Pancreatic β-cell mass is calculated by multiplying the β-cell area by the pancreas weight. Pancreas weights were not different among the groups (data not shown). Nevertheless, β-cell masses were much lower in the controls group than in positive-controls group, and whereas TTK and JGTT increased the mass to a similar extent as the positive control (Table 4). The number of β-cells is related to the net sum of cellular proliferation versus apoptosis. The β-cells of control rats experienced a much lower ratio of proliferation to apoptosis than the positive-control rats. TTK and JGTT increased β-cell proliferation, but JGT did not change β-cell proliferation, whereas TTK, JGT, and JGTT all decreased β-cell apoptosis (Table 4). Thus, JGT only increased the β-cell mass by decreasing apoptosis compared with the control, and the increase was less than the positive control (Table 4).

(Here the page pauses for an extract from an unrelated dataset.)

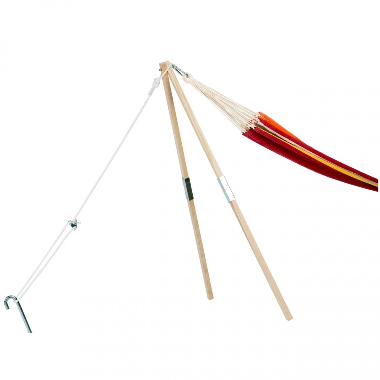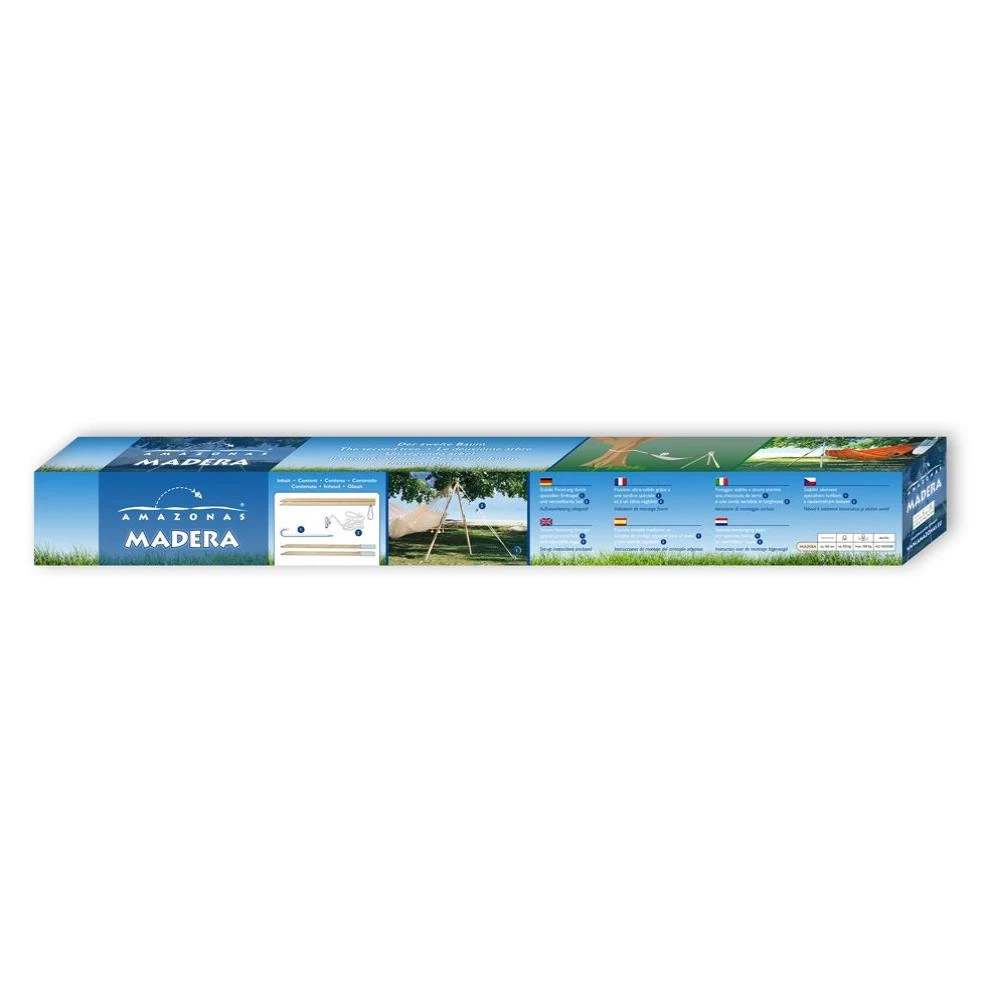 Das Standardproblem beim Aufhängen einer Hängematte: Der zweite Baum fehlt. Das Amazonas Hängemattengestell Madera löst dieses Problem. Eine Seite der Hängematte wird wie gewohnt am Baum oder an der Hauswand befestigt, auf der anderen Seite der Hängematte befindet sich das wetterfeste Eschenholzgestell, das über einen Erdnagel fest im Boden verankert wird. Die zweite Seite der Hängematte kann nun schnell und einfach in das Amazonas Hängemattengestell Madera eingehängt werden. Besonders praktisch: Das Gestell lässt sich ohne Schrauben in Einzelteile zerlegen und ist so besonders gut zu transportieren. Das Amazonas Hängemattengestellt Madera ist mit allen Amazonas Hängematten verwendbar.

β-cell apoptosis may be linked to excessive islet expression of proinflammatory cytokines. In control rats, islet TNF-α and IL-1β expression levels were higher than those of positive-control rats. TTK, JGT, and JGTT all lowered the expression levels of these cytokines (Table 4).
Lipid metabolism
The OVX rats exhibited dyslipidemia; the serum concentrations of TC, LDL-C, and triglycerides were higher in the control rats than in the 17β-estradiol-treated rats, whereas circulating HDL-C concentrations were lower in control rats (Table 5). The TTK and JGTT treatments reduced the serum TC, LDL-C, and triglyceride concentrations and increased the serum HDL-C concentrations to the same extent as the positive-control group. However, the JGT treatment did not improve dyslipidemia (Table 5). Thus, TTK and JGTT normalized the lipid profiles to the same extent as the positive-control group.
Table 5.
Lipid profiles in overnight-fasted rats
| Control (n = 12) | TTK (n = 12) | JGT (n = 12) | JGTT (n = 12) | Positive control (n = 12) | |
|---|---|---|---|---|---|
| Total cholesterol (mg/dL) | 104.5 ± 8.4a | 95.3 ± 7.8b | 98.6 ± 7.9ab | 96.9 ± 7.2b | 94.6 ± 7.6b |
| HDL cholesterol (mg/dL) | 23.3 ± 1.7b | 26.5 ± 2.1a | 24.9 ± 2.2ab | 27.4 ± 2.4a | 27.8 ± 1.9a |
| LDL cholesterol (mg/dL) | 66.1 ± 5.2a | 56.2 ± 5.1b | 58.1 ± 5.3ab | 56.4 ± 5.9b | 53.5 ± 5.6b |
| Triglyceride levels (mg/dL) | 74.1 ± 6.8a | 63.1 ± 5.3b | 77.8 ± 6.1a | 65.9 ± 5.8b | 66.2 ± 5.8b |
The ovariectomized (OVX) rats were provided with a 45% fat diet containing (1) 2% dextrin (placebo; OVX control), (2) 2% Tetragonia tetragonioides (Pall.) Kuntze water extract (TTK), (3) 2% JakYakGamCho-Tang (JGT), (4) 1% JGT+1%TTK (JGTT), or (5) 30 µg/kg body weight 17β-estradiol+2% dextrin (positive control) for eight weeks. At the end of the experimental period, lipid profiles in the circulation were measured. Each value represents mean ± SD.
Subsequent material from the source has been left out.